各ページに各地域の事業例が掲載されています。
その地域の商工会議所の支援担当者からのコメントも付いているのが読みどころです。

閲覧してみるだけでも、楽しい内容になっていますよ!

採択された過去の事業

「小規模事業者持続化補助金」の事業計画を作成する際、
過去に採択された事業計画のテーマに目を通してみることをおすすめいたします。

類似のテーマや同業種のテーマなど参考になることがたくさんあると思います。

日本商工会議所の採択者(平成27年度補正)
全国商工会連合会の採択者(平成27年度補正)
全国商工会連合会の採択者(平成26年度補正1次受付)
全国商工会連合会の採択者(平成26年度補正2次受付)
全国商工会連合会の採択者(平成26年度補正追加公募)

どんな事業計画のテーマが採択されているの?

さまざまな業種の小規模事業者さんが、商工会議所の支援のもと経営計画を立て、補助金を活用しながら事業を推進しています。

以下は、全国の各業種の取り組みを少しピックアップしてみました。
(より詳しい内容を知りたい方は、ぜひこちら(2015年の事例集のページ)をクリックしてみてください。
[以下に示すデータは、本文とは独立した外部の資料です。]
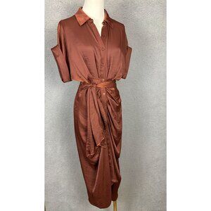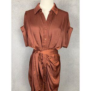 Steve Madden Women's Rust Button-Up Belted Tori Tie Midi Dress Size 2 NWOT's.
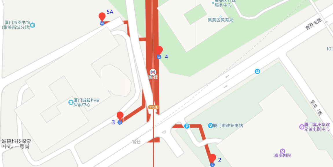 5A出口通往市图书馆集美分馆、中航城国际社区
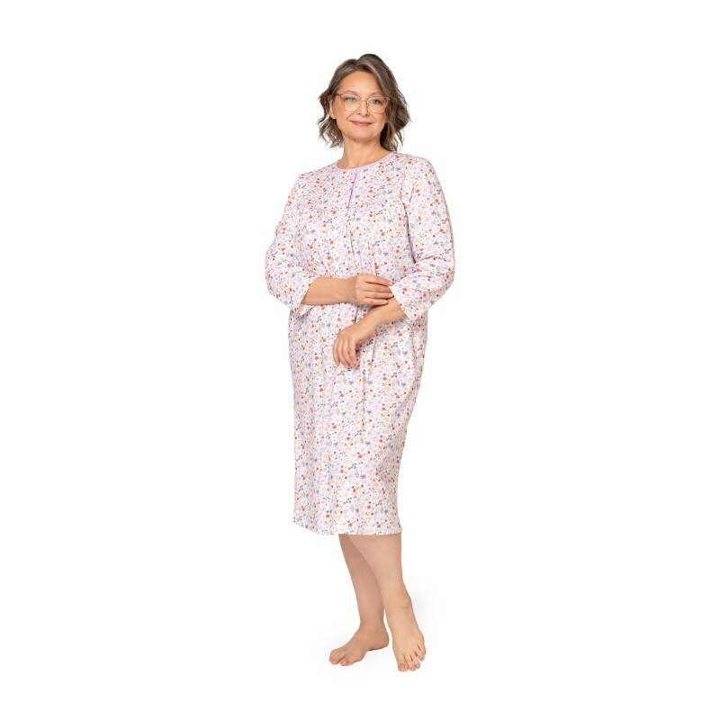 Damska rozpinana koszula nocna z rękawem 3/4 to doskonała propozycja zarówno na lato, jak i na chłodniejsze noce. Przyjemna dla skóry 100% bawełna zapewni odpowiedni komfort termiczny, a delikatny, kwiatowy motyw przypadnie do gustu każdej kobiecie. Damska koszula nocna jest rozpinana na dekolcie, dzięki czemu idealnie nadaje się dla kobiet karmiących. Ta bawełniana damska koszula do spania to gwarancja wygody i swobody każdej nocy. Damska koszula nocna dostępna jest w rozmiarach od M do XXXL
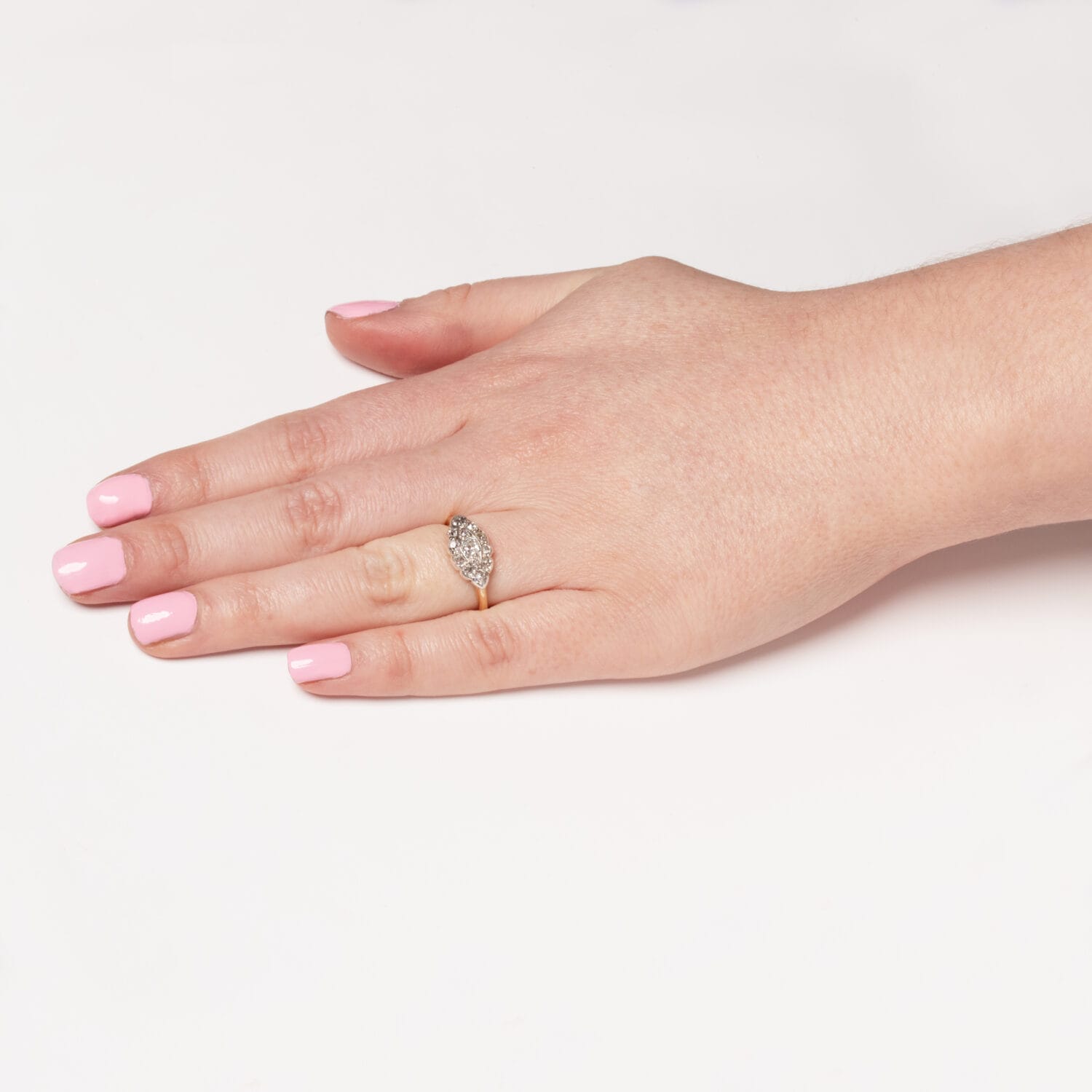 Dating to the Victorian era comes this unique horizontal boat-shaped cluster. At its centre sits a 0.30 carat old mine cut diamond surrounded by a a further collection of diamonds totalling 0.55 carat. Each diamond matches in quality at I in colour and VS2 in clarity. As was common in the Victorian era, each stone has been expertly set into silver, with a basket and band of 18 carat yellow gold.
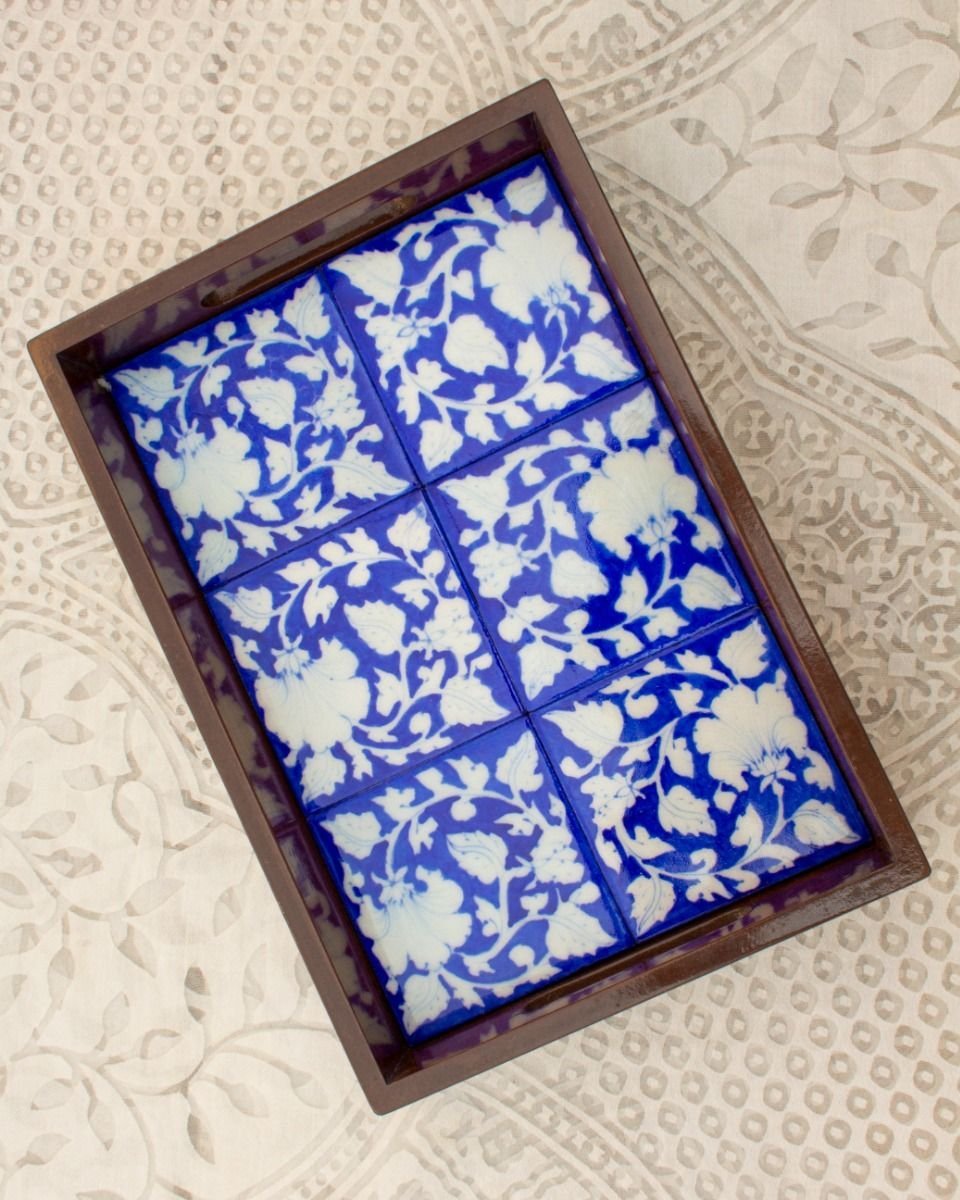 Lovely blue pottery handcrafted tray, decorated with bright colours in the beautiful design. This is a perfect choice for home décor and can be used to serve tea, coffee, and other food items. This cute tray can also be gifted at housewarming parties.
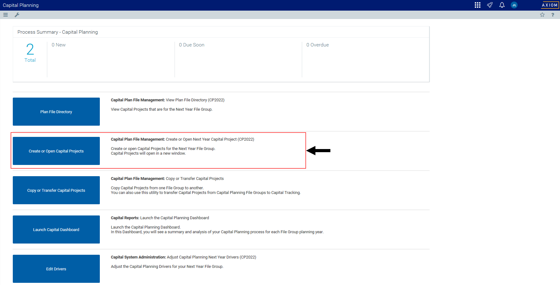 From the Axiom Capital Planning home page, click Create or Open Capital Projects.
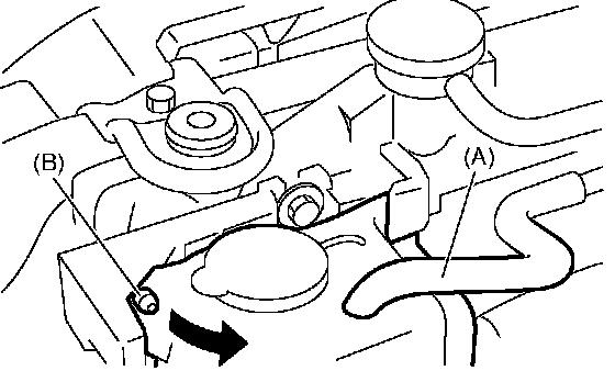 3. Pull out the reservoir tank to the arrow direction while pushing the claw (B).
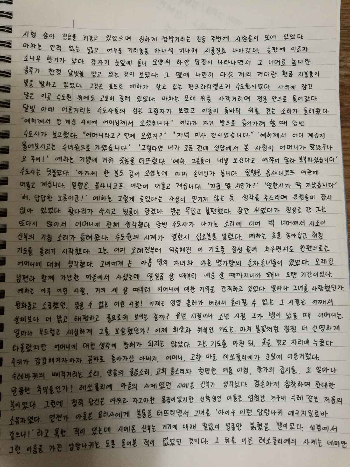아무튼... 사진은 예전에 한창 필사 열심히 할때의 흔적인데.. 체호프 같아요. 외국소설은 필사 하나마나라는 얘기도 있는데 그냥 제가 좋아서 배꼈어요. 원래 제 필체가 아니고 신경써서 한글자 한글자 또박또박 적었습니다. (원래 제 필체는 맨 아래사진.. ㅋ ) 하루에 한페이지 적는데 한시간 정도 걸렸던거 같아요.
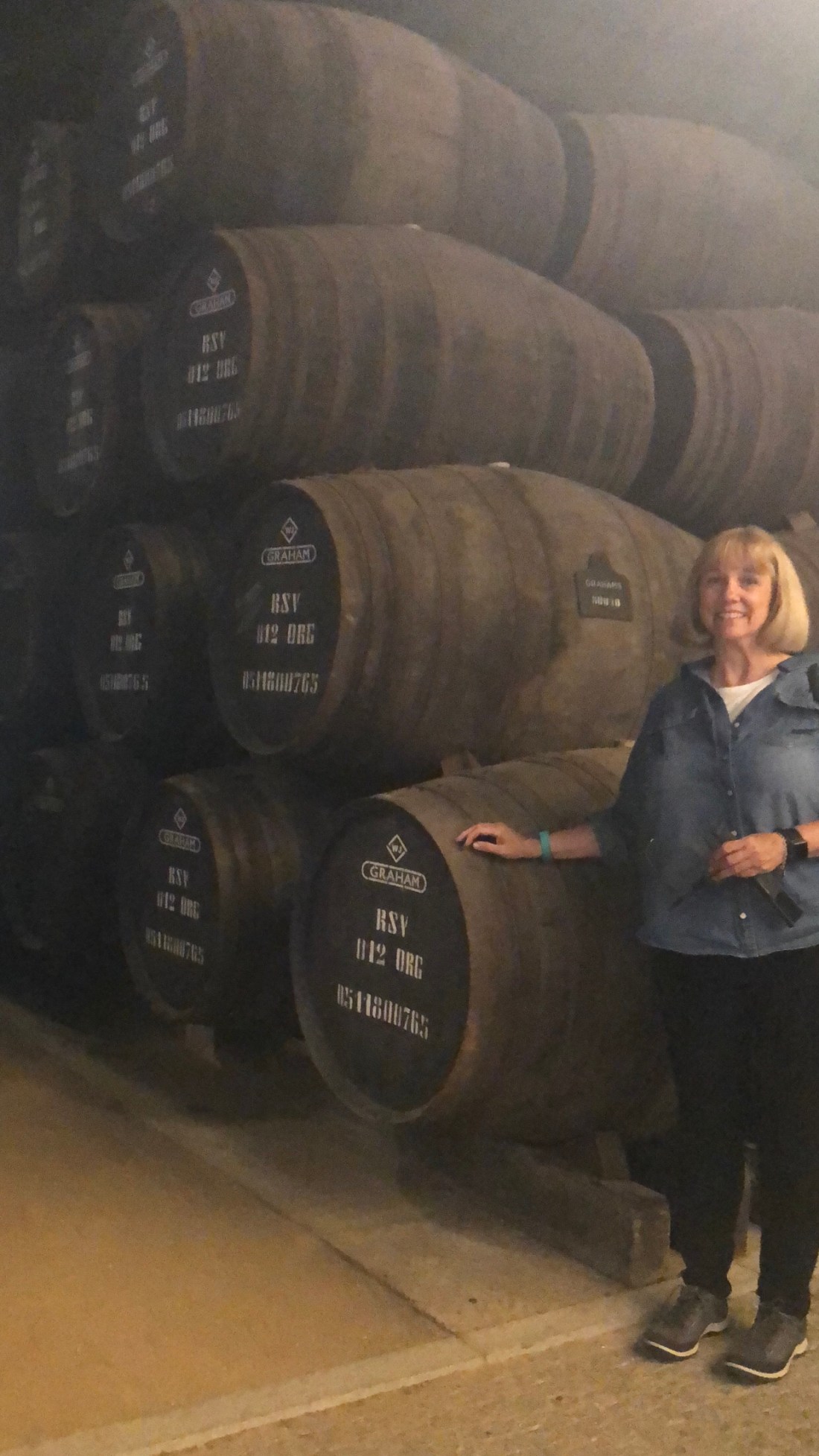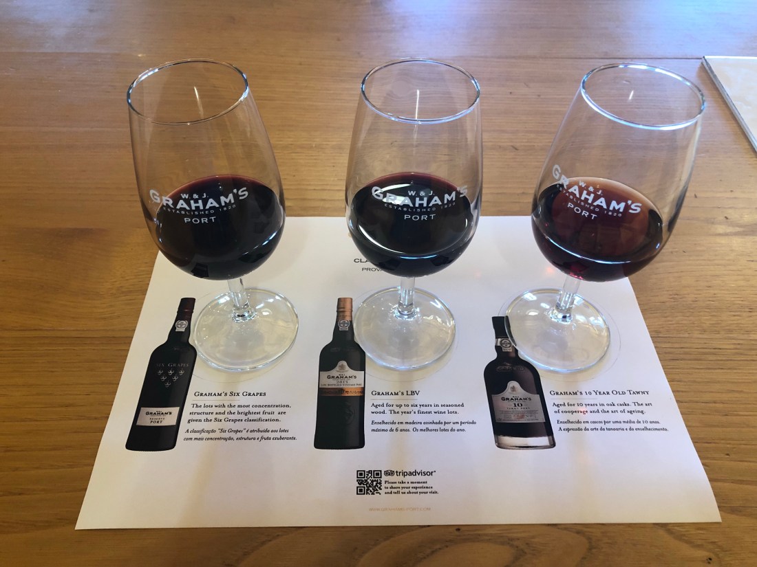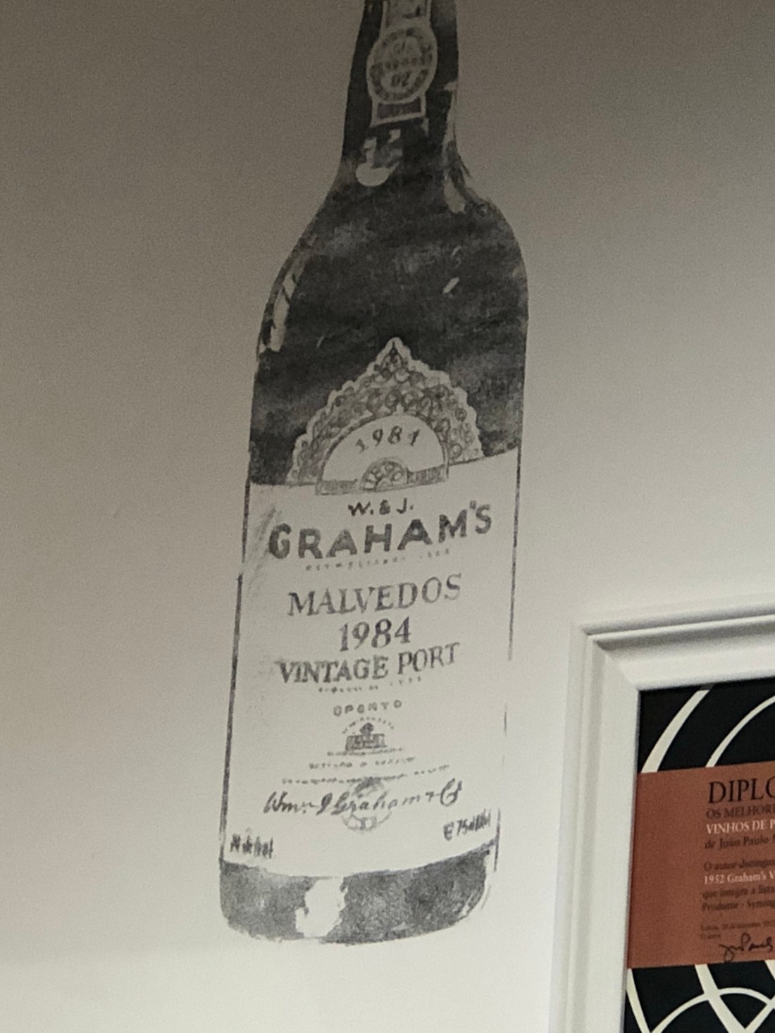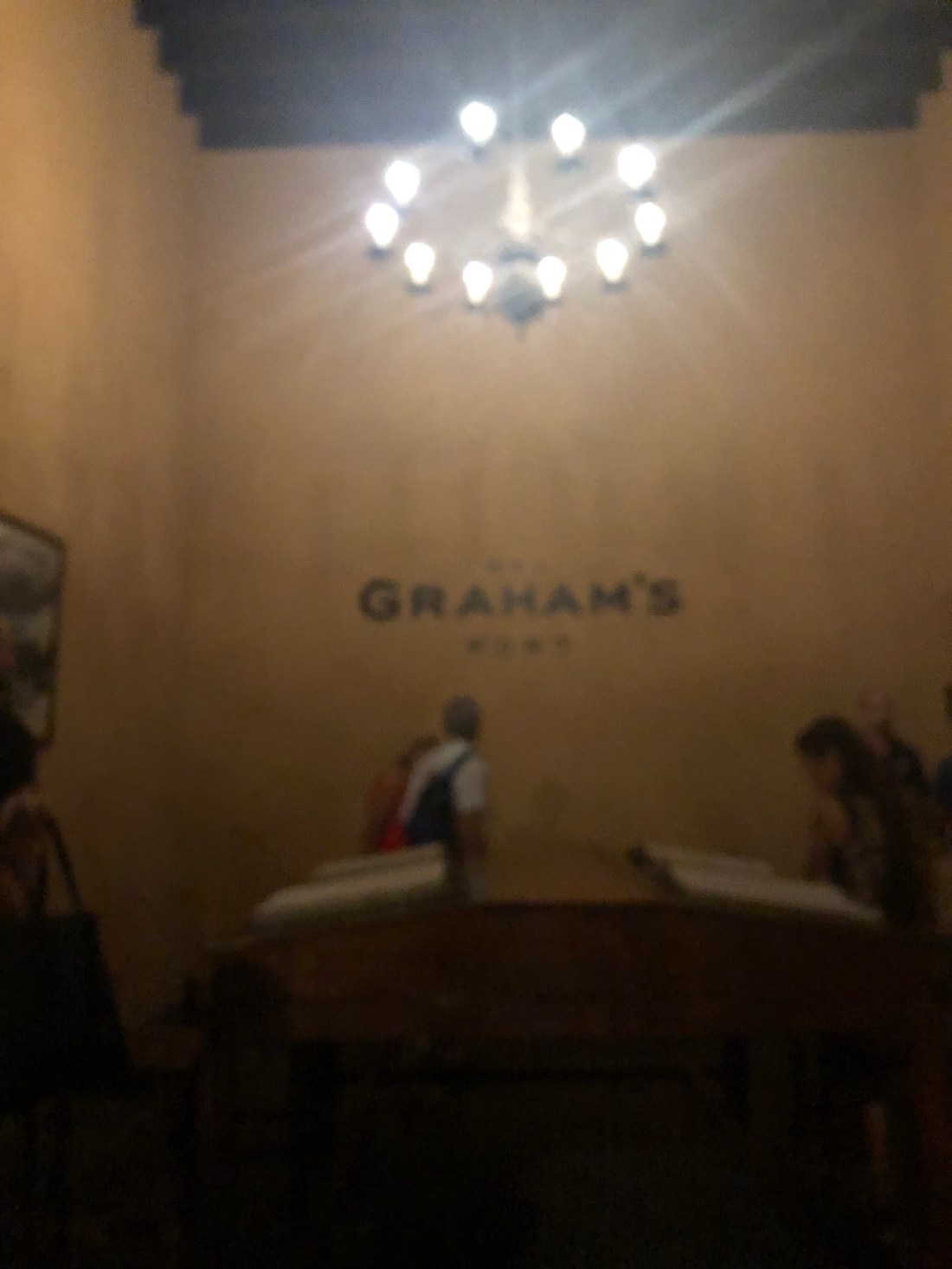 Next up, we grabbed a cab to head to the Graham’s tour, but he didn’t want to take us. Our reservation was for 3 and time was closing in. We hoofed it down the road and suddenly a cab appeared and the woman agreed to take us up the hill to Graham’s. The tour was fabulous!!! The aroma, incredible. And the tasting? Well, I did. This was a special occasion and I sipped all three glasses in my flight. Afterwards, I purchased one bottle available only there and in the UK and Fran bought 2 for Fritz. I just have to say, after serving Graham’s Malvedos vintage port for 20+ years of my career this was a special afternoon for me.
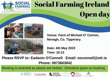 Social Farming Ireland would love you to join us on the morning of Thursday May 4th , for an Open day on the farm of Michael O Connor, Nenagh, County Tipperary.
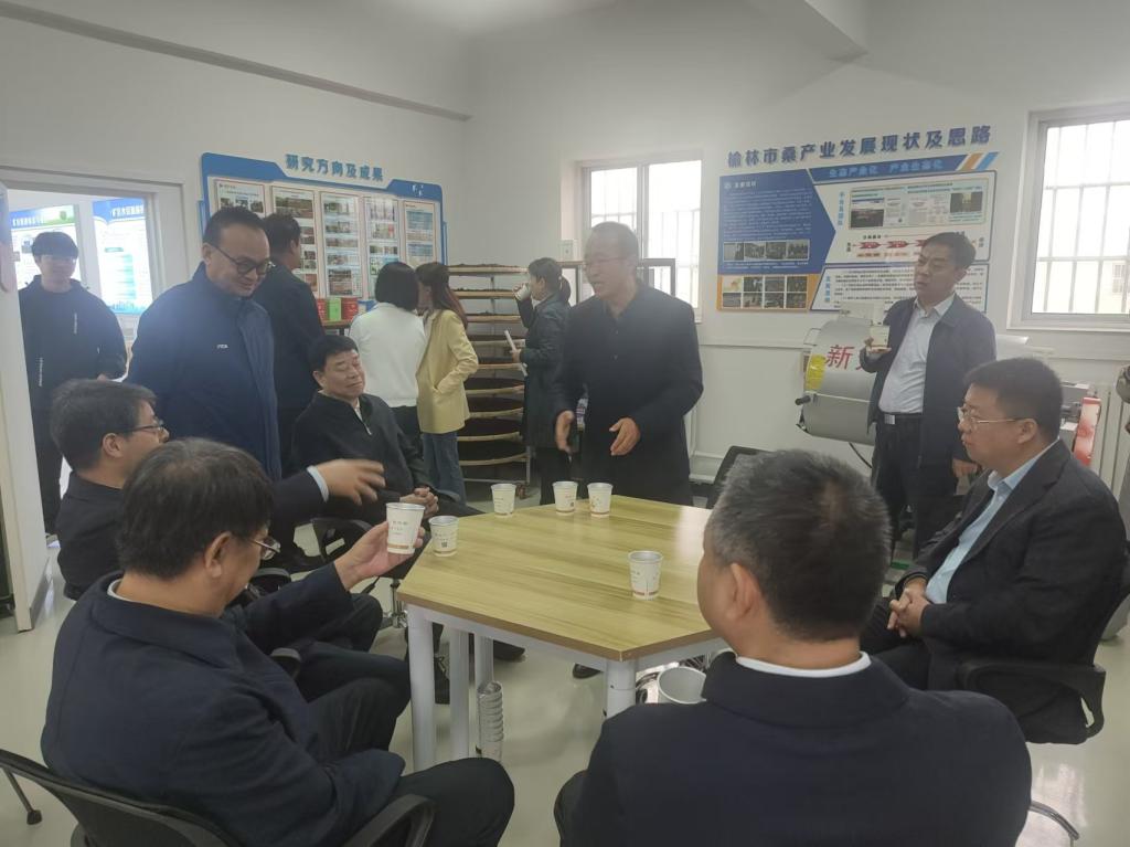 薛建兴一行参观了陕西榆阳桑树科技小院,认真听取了小院首席专家史建国教授有关小院建设和工作汇报,观摩了小院开发的系列产品,尤其是复配桑茶在配方、功能、风味、设计等方面做了充分交流,并给与赞赏,并肯定了公司科技小院的建设工作,并为小院建设指明了方向。

)

製造業

大阪府にはスノーボードやスキーのプロテクターを製造するメーカーがあります。
それが「有限会社ベイリーフ」さん。
採択事業計画名は「医療・介護用途に常時装着を可能にする予防プロテクターの新規商品開発」です。

ベイリーフさんは補助金を獲得し、作成した経営計画のもと安全の啓発に取り組んでいます。

安全注意を喚起するパンフレットを作成し、安全に楽しむためにプロテクターが必須であることを購入者にわかりやすく伝えています。

卸売業

青森県で地場産品の卸売業を営む、「株式会社和がや」さん。
採択事業計画名は「活魚、鮮魚の地産地消の推進と鮮魚を活用した加工品開発事業」です。

和がやさんは、実は居酒屋を営んでいましたが、さらに経営計画を練られたようです。
補助金を得て、地場産品の鮮魚を卸売りしています。

これで作ったチラシ配布で認知度が高まり、鮮魚の卸先は20店にまで増えたそうです!

小売

愛知県で農産物の小売業を営んでいる「株式会社あいさいか」さん。
採択事業計画名は「新鮮で安全なレア特産品のPRによる販売促進事業」です。

あいさいかさんは、小売店が減少していく地域を活性化するために産直所を立ち上げました。

チラシの作成、広報誌への広告掲載、巡回バスの車体広告などの販売促進に取り組みました。
「広告の効果を実感」できたと、町の活性化に意気込みを見せています。

サービス

北海道にある小さな写真館が補助金を手にしました。
「有限会社モリヤ写真館」さんです。
採択事業計画名は「新たな成長の柱と位置付ける『ニューフォトスタイル』事業の体制整備と効果的な市場浸透」です。

この写真館を経営する守谷さんは、広告宣伝力などSWOT分析で弱み・強みを分析しました。
そのおかげで、
「経営計画に基づき企画、販売促進することで写真館の未来が見えてくるよう」
と語っています。

建設

地産地消にこだわって木造住宅を作っているのは、「株式会社明城」さんです。
採択事業計画名は「独自開発したパネル工法(国産無垢材100%使用)の普及促進=告知する」です。
明城さんは、県や大学と共同して新木造工法の開発に取り組んでいます。

高品質・低価格の住宅を提供する技術はありましたが、告知力が課題でした。
そこでホームページ、パンフレット作りをすることで新たな受注につなげています。

まとめ

今回は、小規模事業者持続化補助金の事例集についてご紹介しました。
へ〜と思わずうなずいてしまうような事業計画がたくさんありましたね。

小規模事業者が活躍できる場面はたくさんあります。
事業計画の卵をお持ちなら、ぜひ小規模事業者持続化補助金に挑戦されることをおすすめします。